Patologi obstruksi nasal dapat berkembang menjadi mengorok dan/atau sindrom
obstruktif sleep apnea. Nyeri kepala di pagi hari umum terjadi pada pengorok dan
berhubungan dengan gangguan kesehatan pervasif yang memengaruhi kualitas hidup.
Gejala seputar migrain bersifat umum, tidak hanya OSAS, tetapi migrain, insomnia,
dan distres psikologik juga merupakan prediktor penting untuk nyeri kepala di pagi hari,
bahkan pada pasien yang mengorok. Chen dkk22 menyelidiki tentang nyeri kepala di pagi
hari pada pengorok dengan hasil sebanyak 19% pasien dengan nyeri kepala di pagi hari
memenuhi kriteria untuk serangan migrain.
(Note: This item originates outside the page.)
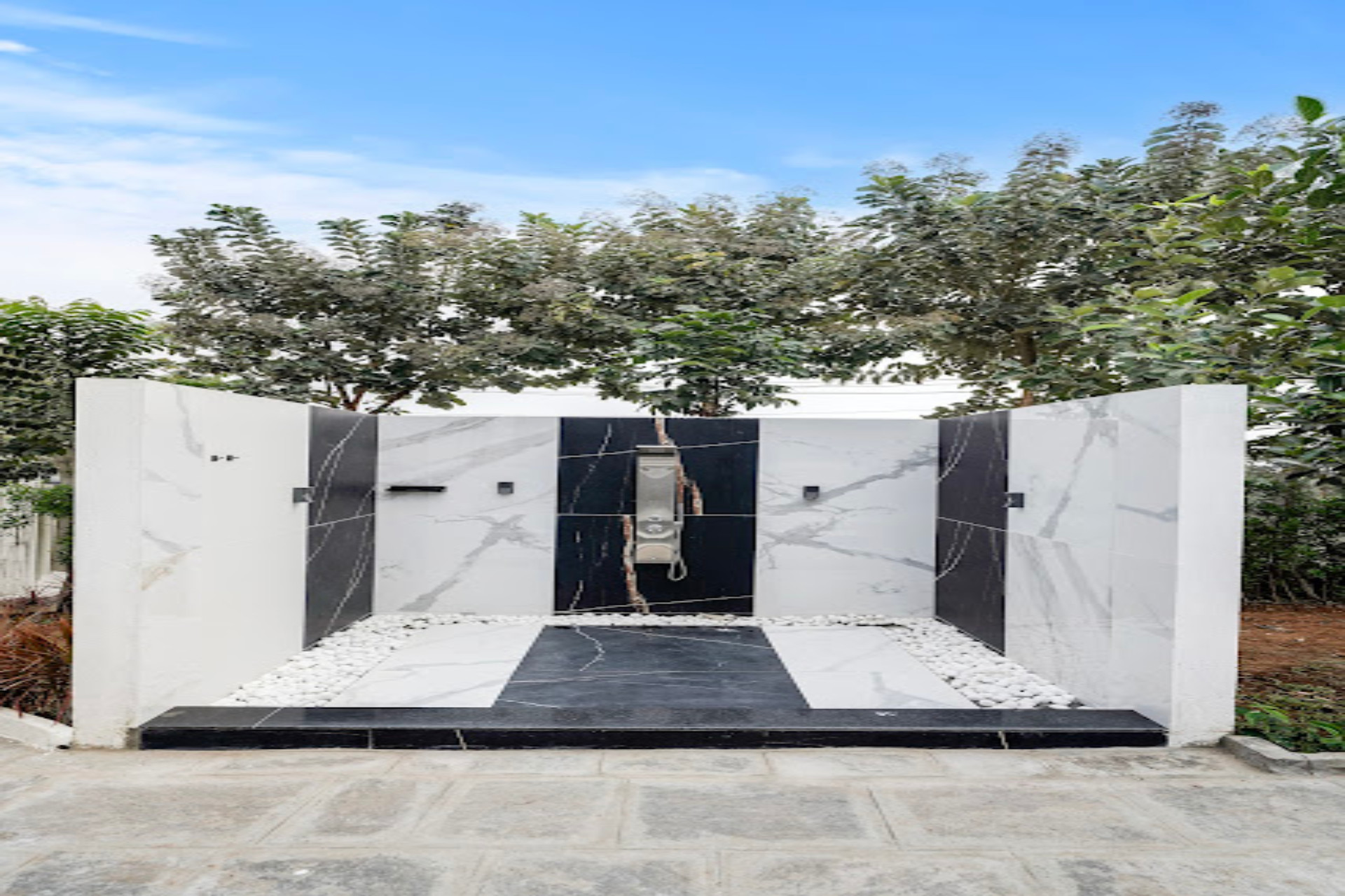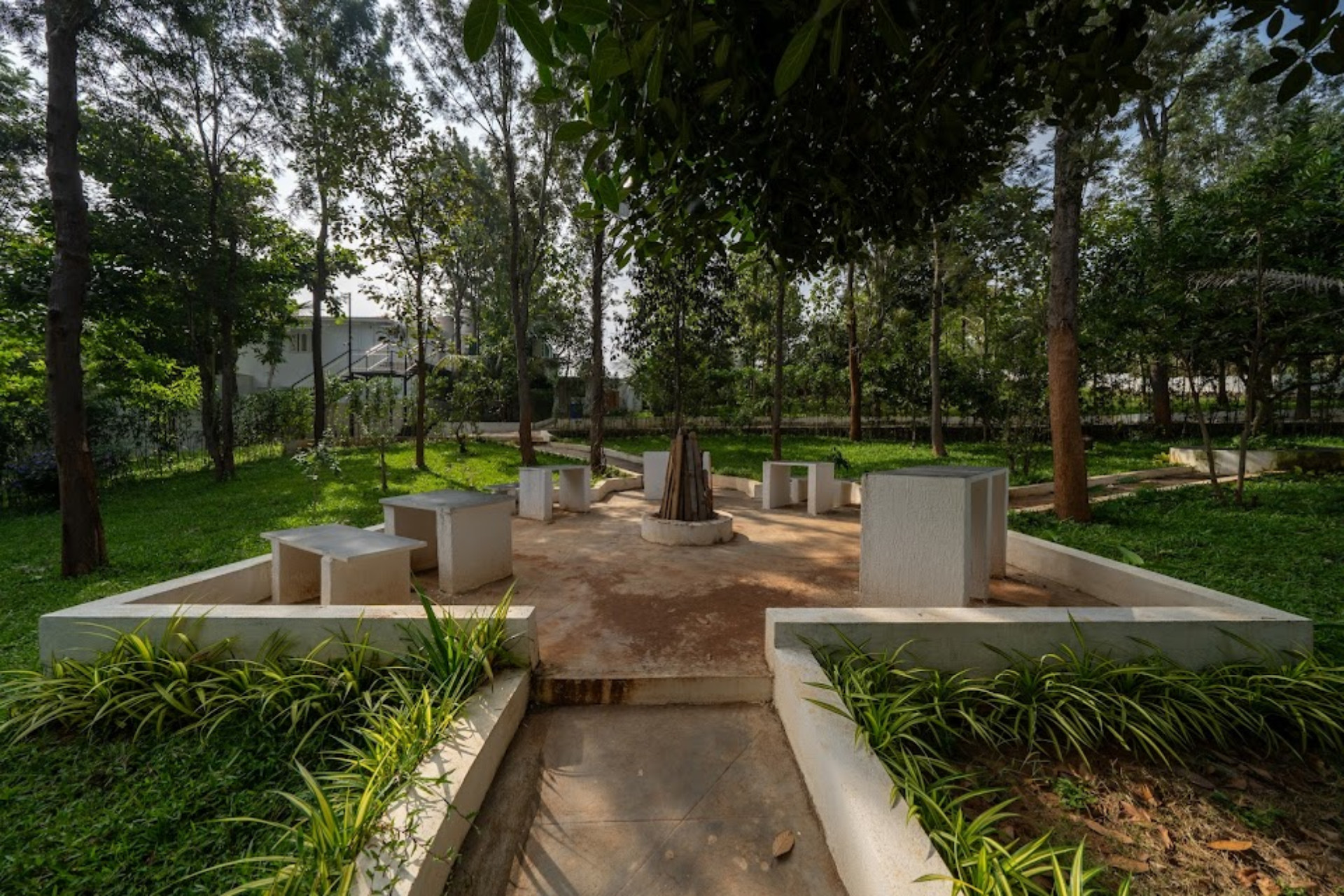 The lawn unfolds as a serene canvas of lush greenery — perfect for quiet walks, family gatherings, or grand celebrations, where every moment is embraced by nature’s calming touch.

Namun, penelitian Chen dkk tidak memperhitungkan hubungan antara derajat
obstruksi dan tingkat keparahan nyeri. Abu-Bakta dkk5 melaporkan bahwa tidak terdapat
perbedaan yang signifikan antara prevalensi kontak mukosa nasal pasien dengan nyeri wajah
dibandingkan dengan pasien tanpa nyeri wajah dalam penelitian tersebut dan disimpulkan
bahwa tindakan pembedahan untuk mengambil kontak mukosa untuk nyeri wajah biasanya
tidak diperlukan mengingat etiologi nyeri wajah ini nampaknya lebih merupakan proses
sentral. Perry dkk23 melaporkan bahwa migrain merupakan diagnosis neurologik tersering
(58%) pada pasien dengan nyeri kepala non-rhinologik di praktik rhinologi tersier. Perry dkk
tidak memberikan rasio diagnosis migrain untuk pasien dengan nyeri kepala rhinologik.
Penting untuk membedakan migrain dari nyeri kepala yang disebabkan oleh rhinosinusitis
akut maupun kronik, neuralgia, otalgia, penyakit articulatio temporomandibularis (TMJ),
atau gangguan vaskular, dan rasa tidak nyaman pada wajah tengah18.
Penelitian ini menunjukkan peningkatan patologi obstruksi nasal pada pasien dengan
migrain serta ditemukan sebuah hubungan yang signifikan antara tingkat keparahan nyeri
dan derajat obstruksi. Namun, tidak terdapat hubungan yang signifikan antara lokasi
obstruksi nasal dan lokasi nyeri yang dominan. Pasien yang secara klinis dievaluasi untuk
migrain sebaiknya mendapatkan pemeriksaan sinorhinologik secara komprehensif dan
evaluasi berdasarkan teori sinus hipoksik nitrit oksida.
Penelitian klinik lebih lanjut diperlukan untuk menilai perubahan dalam nyeri kepala
setelah terapi obstruksi nasal pada pasien migrain.